**EXERCISE AIM:** Starting at the first line of the records below, reproduce every line up to and including the line with "而2022總共完成92位人才", but leave out all pictures.

======== RECORDS FOR THE TASK ========

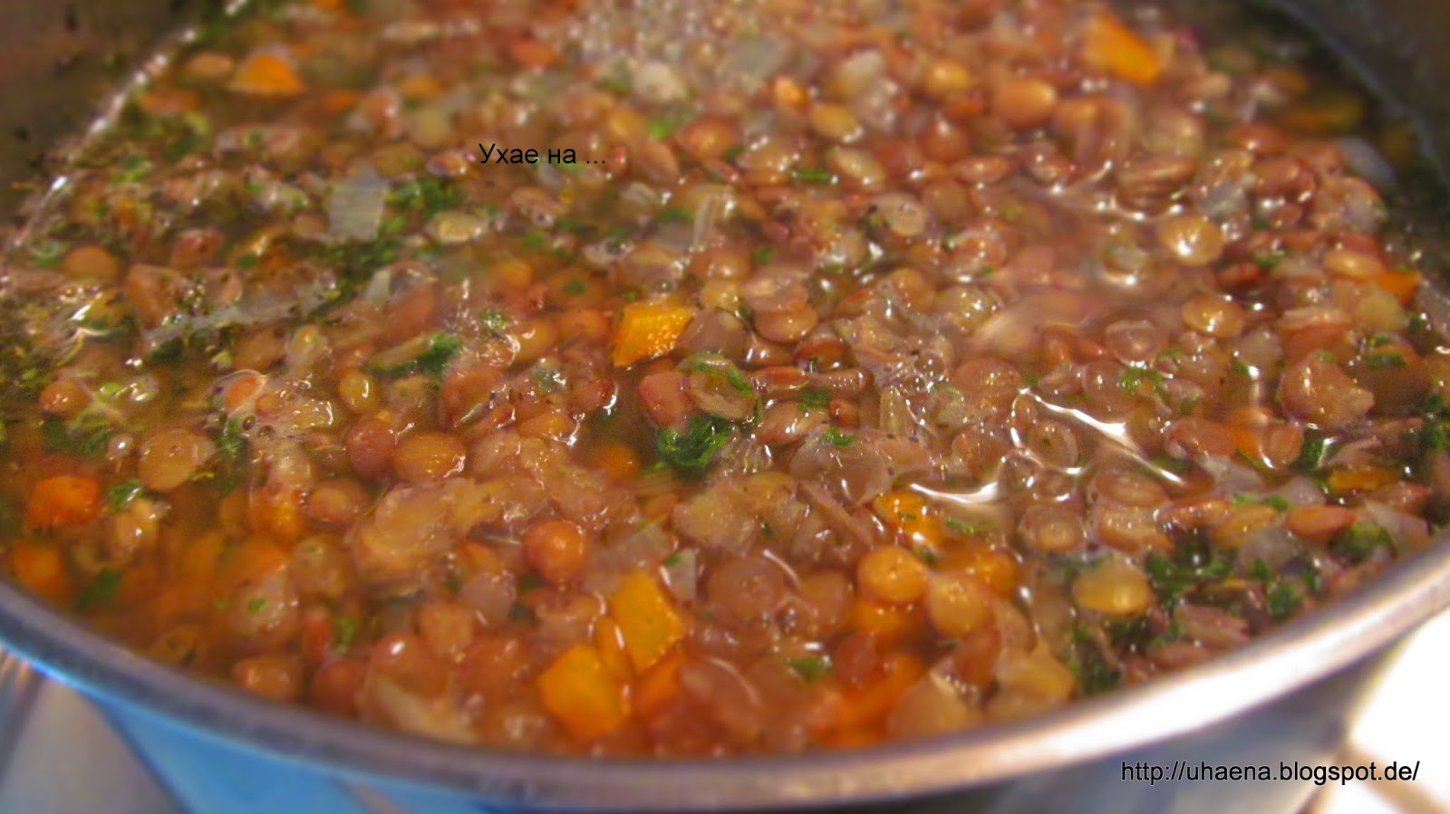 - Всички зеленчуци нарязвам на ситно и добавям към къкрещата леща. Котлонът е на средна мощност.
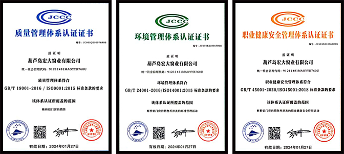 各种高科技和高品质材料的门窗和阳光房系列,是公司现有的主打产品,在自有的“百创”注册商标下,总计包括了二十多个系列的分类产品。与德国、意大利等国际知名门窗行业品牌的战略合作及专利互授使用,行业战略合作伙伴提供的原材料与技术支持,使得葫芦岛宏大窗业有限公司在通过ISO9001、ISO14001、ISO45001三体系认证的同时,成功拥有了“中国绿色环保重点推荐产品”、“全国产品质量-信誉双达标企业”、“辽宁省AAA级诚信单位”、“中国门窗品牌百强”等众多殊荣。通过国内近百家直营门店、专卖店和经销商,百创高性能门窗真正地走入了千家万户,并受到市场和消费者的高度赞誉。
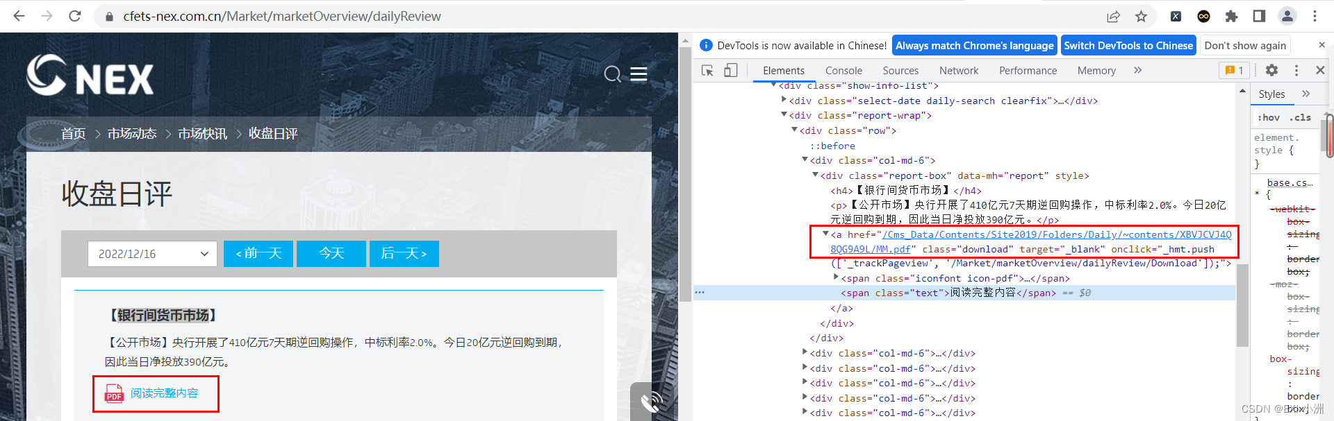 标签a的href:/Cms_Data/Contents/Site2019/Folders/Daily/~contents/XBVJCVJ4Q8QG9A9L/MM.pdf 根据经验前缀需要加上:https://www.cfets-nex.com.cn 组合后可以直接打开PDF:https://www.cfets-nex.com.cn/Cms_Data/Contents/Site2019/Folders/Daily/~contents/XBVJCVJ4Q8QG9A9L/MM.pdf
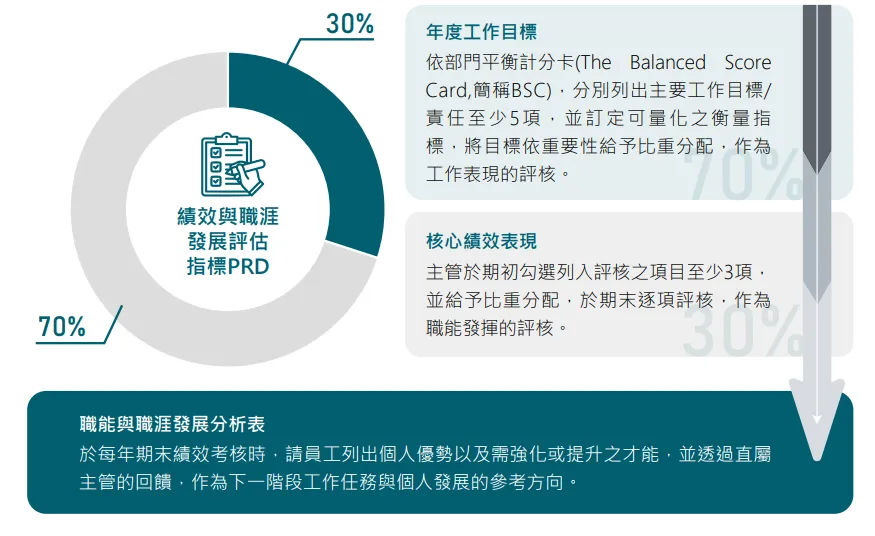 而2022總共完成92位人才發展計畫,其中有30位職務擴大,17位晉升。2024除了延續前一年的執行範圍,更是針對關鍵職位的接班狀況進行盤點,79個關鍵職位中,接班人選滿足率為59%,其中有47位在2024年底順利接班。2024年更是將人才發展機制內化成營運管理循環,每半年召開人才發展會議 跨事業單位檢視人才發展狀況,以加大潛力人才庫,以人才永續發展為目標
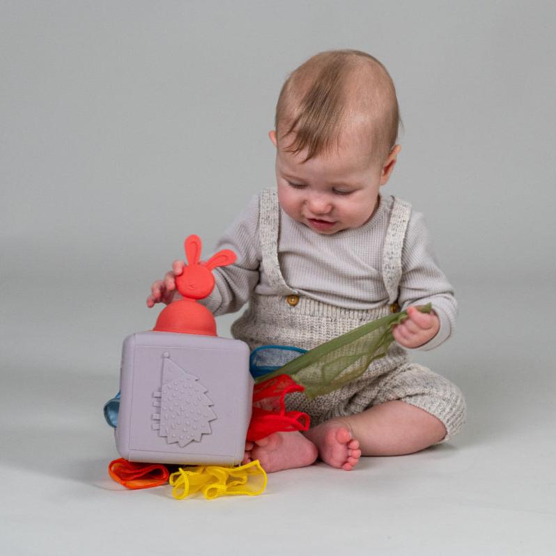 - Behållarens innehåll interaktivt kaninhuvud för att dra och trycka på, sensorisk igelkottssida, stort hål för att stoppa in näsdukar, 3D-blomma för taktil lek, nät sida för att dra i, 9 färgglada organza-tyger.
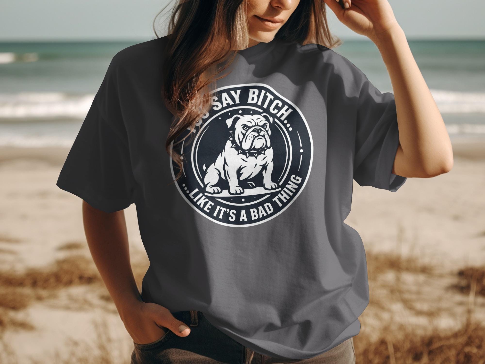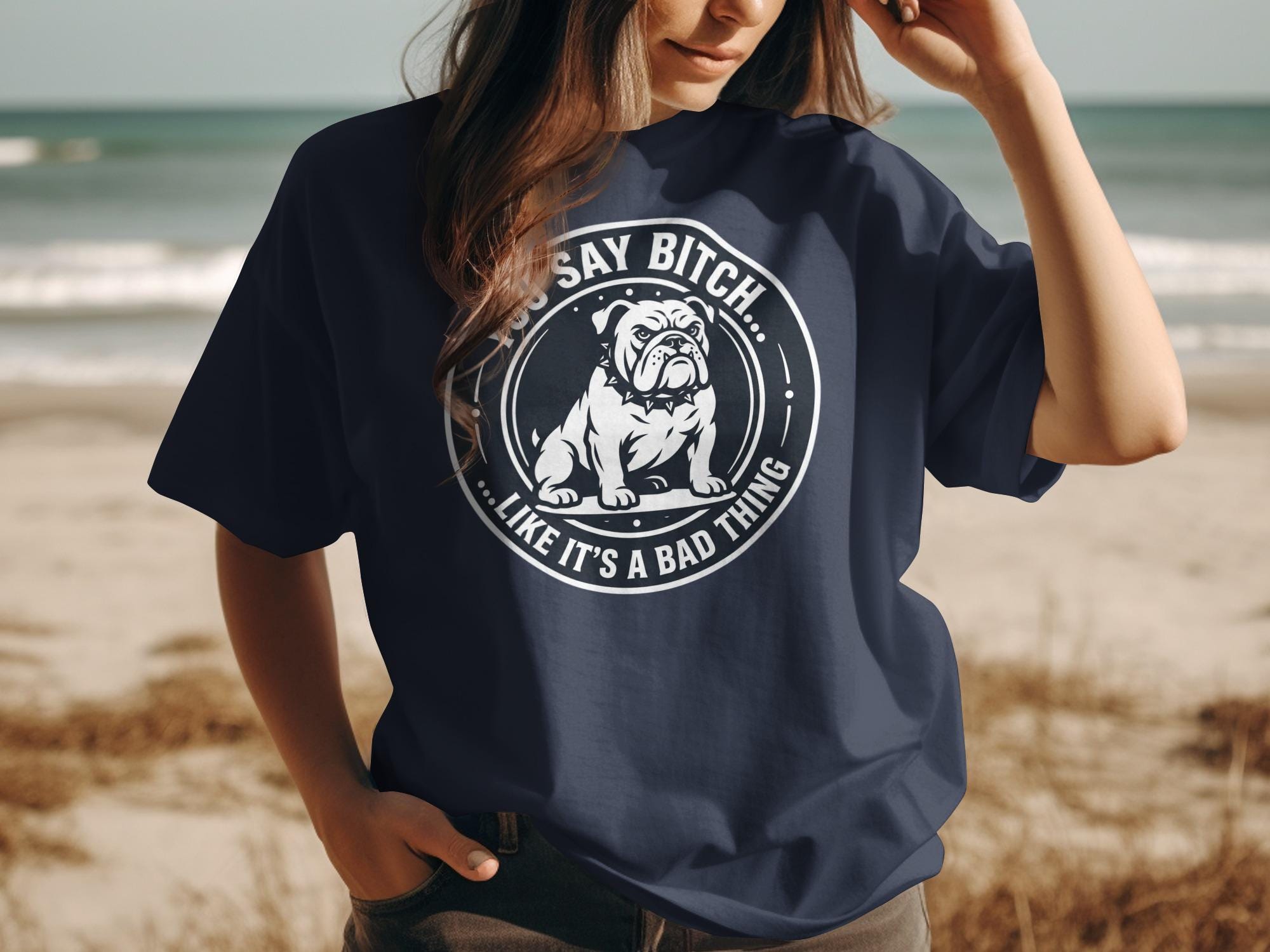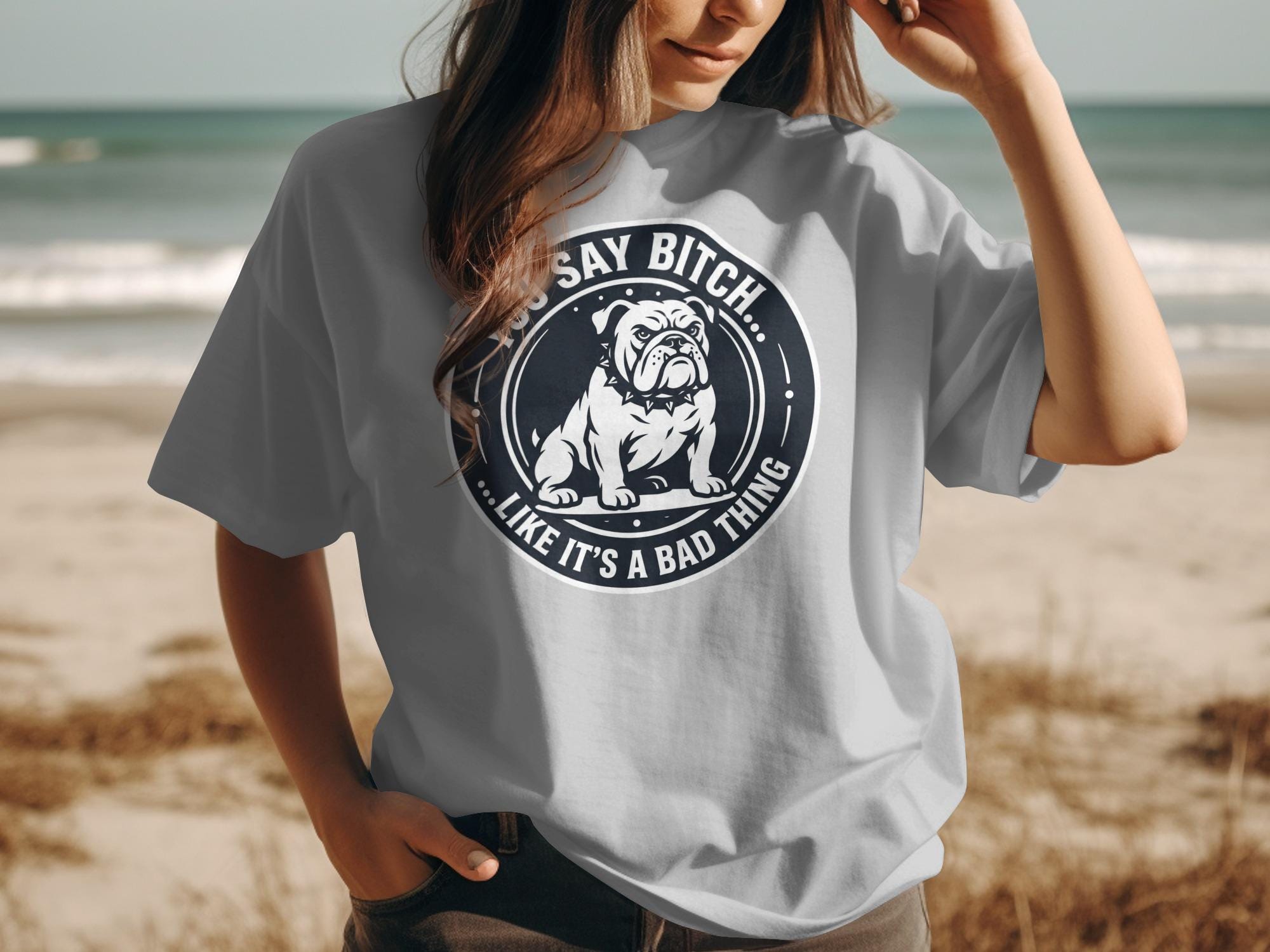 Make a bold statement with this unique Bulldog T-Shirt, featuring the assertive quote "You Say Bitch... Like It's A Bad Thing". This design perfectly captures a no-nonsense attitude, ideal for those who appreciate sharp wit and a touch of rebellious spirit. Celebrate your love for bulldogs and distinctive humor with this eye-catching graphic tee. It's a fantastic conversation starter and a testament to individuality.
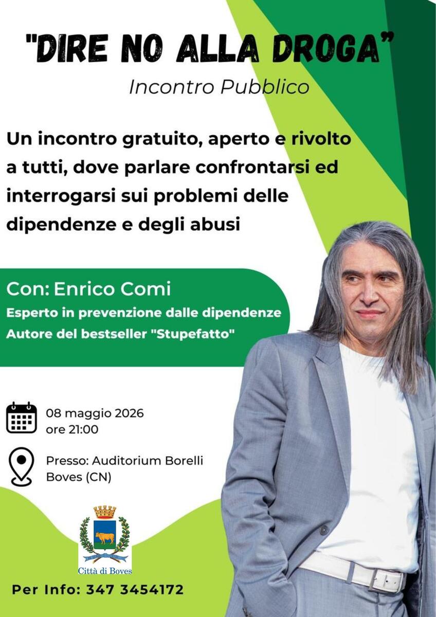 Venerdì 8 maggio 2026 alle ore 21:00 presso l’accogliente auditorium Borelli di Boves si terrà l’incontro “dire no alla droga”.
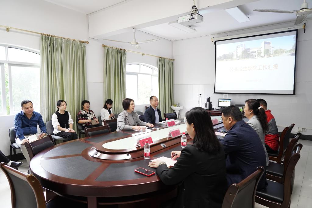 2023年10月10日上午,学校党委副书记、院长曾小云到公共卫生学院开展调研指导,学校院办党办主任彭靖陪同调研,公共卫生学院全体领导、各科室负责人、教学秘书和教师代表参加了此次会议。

========

**WRITTEN REPLY:**
 - Всички зеленчуци нарязвам на ситно и добавям към къкрещата леща. Котлонът е на средна мощност.
 各种高科技和高品质材料的门窗和阳光房系列,是公司现有的主打产品,在自有的“百创”注册商标下,总计包括了二十多个系列的分类产品。与德国、意大利等国际知名门窗行业品牌的战略合作及专利互授使用,行业战略合作伙伴提供的原材料与技术支持,使得葫芦岛宏大窗业有限公司在通过ISO9001、ISO14001、ISO45001三体系认证的同时,成功拥有了“中国绿色环保重点推荐产品”、“全国产品质量-信誉双达标企业”、“辽宁省AAA级诚信单位”、“中国门窗品牌百强”等众多殊荣。通过国内近百家直营门店、专卖店和经销商,百创高性能门窗真正地走入了千家万户,并受到市场和消费者的高度赞誉。
 标签a的href:/Cms_Data/Contents/Site2019/Folders/Daily/~contents/XBVJCVJ4Q8QG9A9L/MM.pdf 根据经验前缀需要加上:https://www.cfets-nex.com.cn 组合后可以直接打开PDF:https://www.cfets-nex.com.cn/Cms_Data/Contents/Site2019/Folders/Daily/~contents/XBVJCVJ4Q8QG9A9L/MM.pdf
 而2022總共完成92位人才發展計畫,其中有30位職務擴大,17位晉升。2024除了延續前一年的執行範圍,更是針對關鍵職位的接班狀況進行盤點,79個關鍵職位中,接班人選滿足率為59%,其中有47位在2024年底順利接班。2024年更是將人才發展機制內化成營運管理循環,每半年召開人才發展會議 跨事業單位檢視人才發展狀況,以加大潛力人才庫,以人才永續發展為目標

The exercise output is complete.